David Maren decided that he wanted to tell the world that his company's pork is ractopamine-free. He thought consumers might pay a little extra for that, the same way that some consumers look for meat that's raised without antibiotics.
"Tendergrass Farms is always looking to get as much value for our products as possible," he says.
So last year, he drew up a new label containing these words: "Our pigs are never fed beta-agonists (like Ractopamine) — drugs widely used as artificial growth promotants in the pork industry today."
Meat labels have to get approval from the U.S. Department of Agriculture, though, which is supposed to make sure that labels are not false or misleading. The USDA refused to approve Maren's proposed label.
Officials at the USDA advised Maren to modify the label to say instead that "our animals are never fed growth promotants," and to include an additional statement that "federal regulations prohibit the use of hormones in pork."
Philip Derfler, deputy administrator of the USDA's Food Safety Inspection Service, which oversees meat labels, told The Salt that Maren's original proposal was confusing. "Apparently, a judgment was made that the information wasn't being presented in a way that would be understandable to a consumer," he said.
But Maren kept pushing, and after hearing that the USDA was reconsidering its position, he submitted a new proposal. The new label states that the product is made with "no ractopamine — a beta-agonist growth promotant."
Last week, Maren got official notice that this label had been approved. Maren thinks it will be the first USDA-approved label on pork to explicitly mention ractopamine.
But he thinks it won't be the last one. "I imagine that if anyone in the industry is talking about it, then everyone has to talk about it," he says.
This does not sound like good news to some conventional pork producers, such as David Hardin, in Danville, Ind.
"When you put a label like that on there, it will immediately make the consumer think, 'Well what is this? It must be something bad,'" he says.
If consumers start to look for ractopamine-free labels, it could lead to pressure on farmers to stop using this profitable drug.

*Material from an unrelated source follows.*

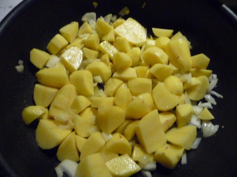 - Laver et éplucher les pommes de terre, les couper en dés puis les ajouter aux oignons.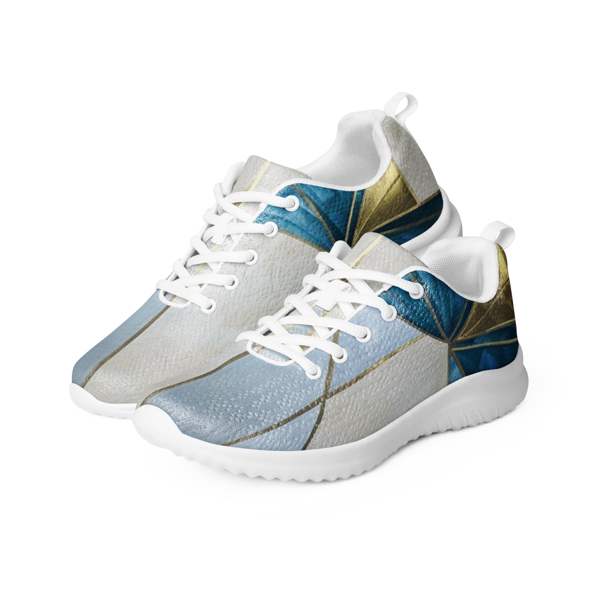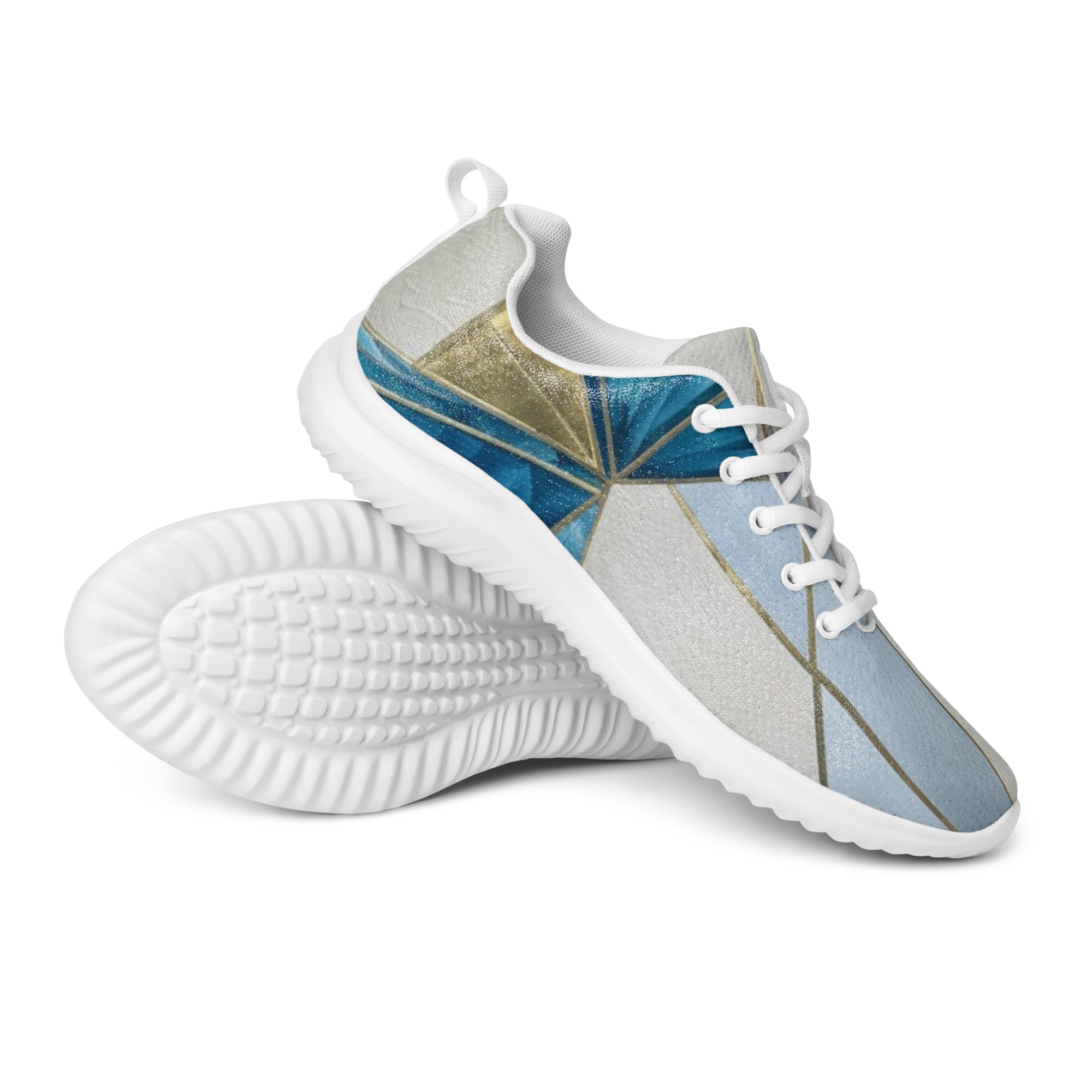 The geometric pattern on these athletic shoes captures the essence of exploration—deep teal waves meeting light blue skies, connected by golden rays that symbolize the journey between earth and horizon. Each angular shape represents direction, each color a different element of your path. This isn't just footwear—it's a compass you wear, guiding every step with intention and style.

In fact, some farmers are feeling that pressure already, for another reason. One very big buyer of American pork is demanding ractopamine-free pork, and it's a very big customer indeed: the nation of China.
Some big pork processors are asking farmers to deliver pork the way China wants it. "If you sell to a processor that either does export to China or could potentially export to China, then you're probably going to see some pressure," says Hardin.

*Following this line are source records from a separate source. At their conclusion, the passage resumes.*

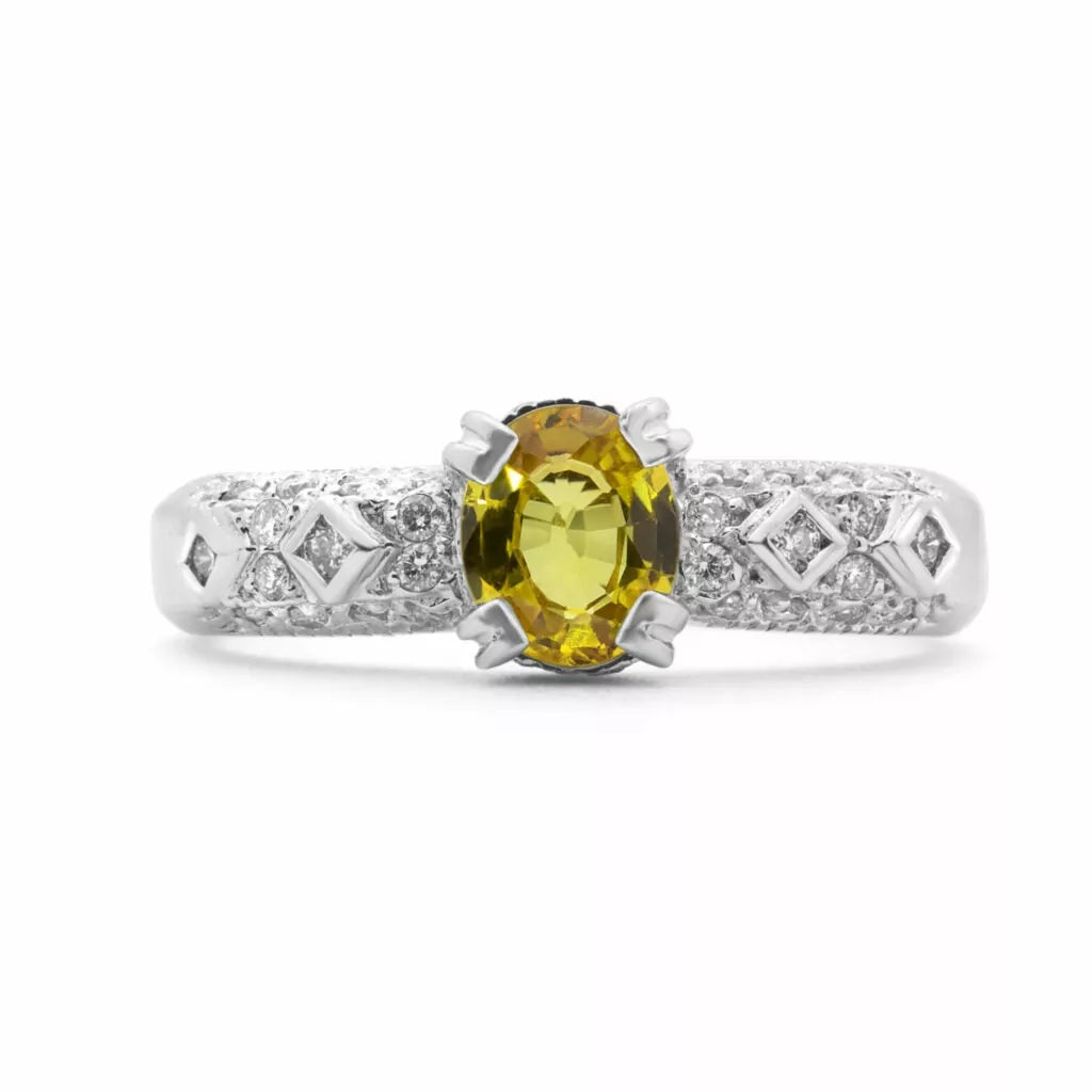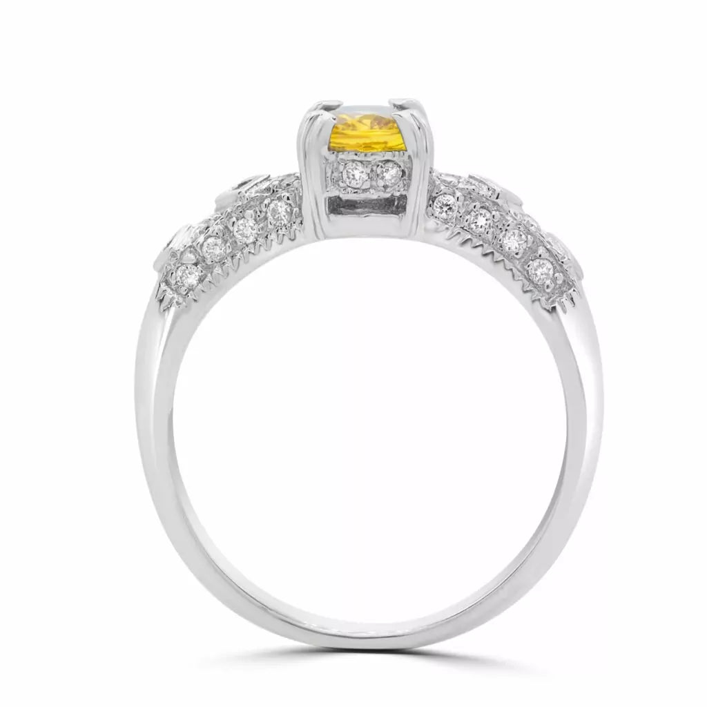 Bague de fiançailles saphir jaune vif 0,70 (ct) en or blanc 10 carats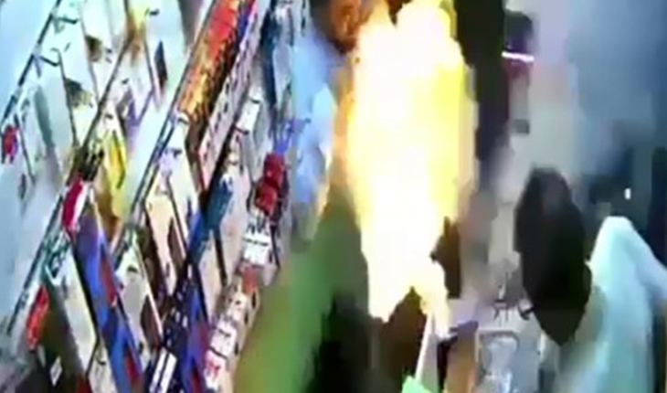 İstanbul Fatih'te tamire getirilen cep telefonunun bataryası adeta bomba gibi patladı. Alev topuna dönen cep telefonunun patlama anı kameraya yansıd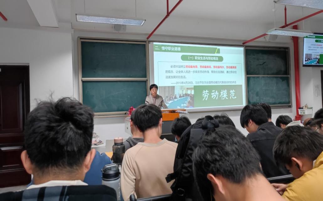 江暉老師在給2022級現(xiàn)代物流管理1、2班講授“職業(yè)生活與勞動觀念”

Hardin says that farmers are divided about how to respond to China's demands. Some farmers don't want to abandon ractopamine as a matter of principle. Using it, they point out, means cheaper pork for consumers and less stress on the environment (because pigs on ractopamine don't need as much feed, and don't produce as much manure.)
Other farmers, he says, are ready to follow the signals of the market. If consumers are willing to pay more for pork labeled "ractopamine-free," that's how they'll raise their pigs.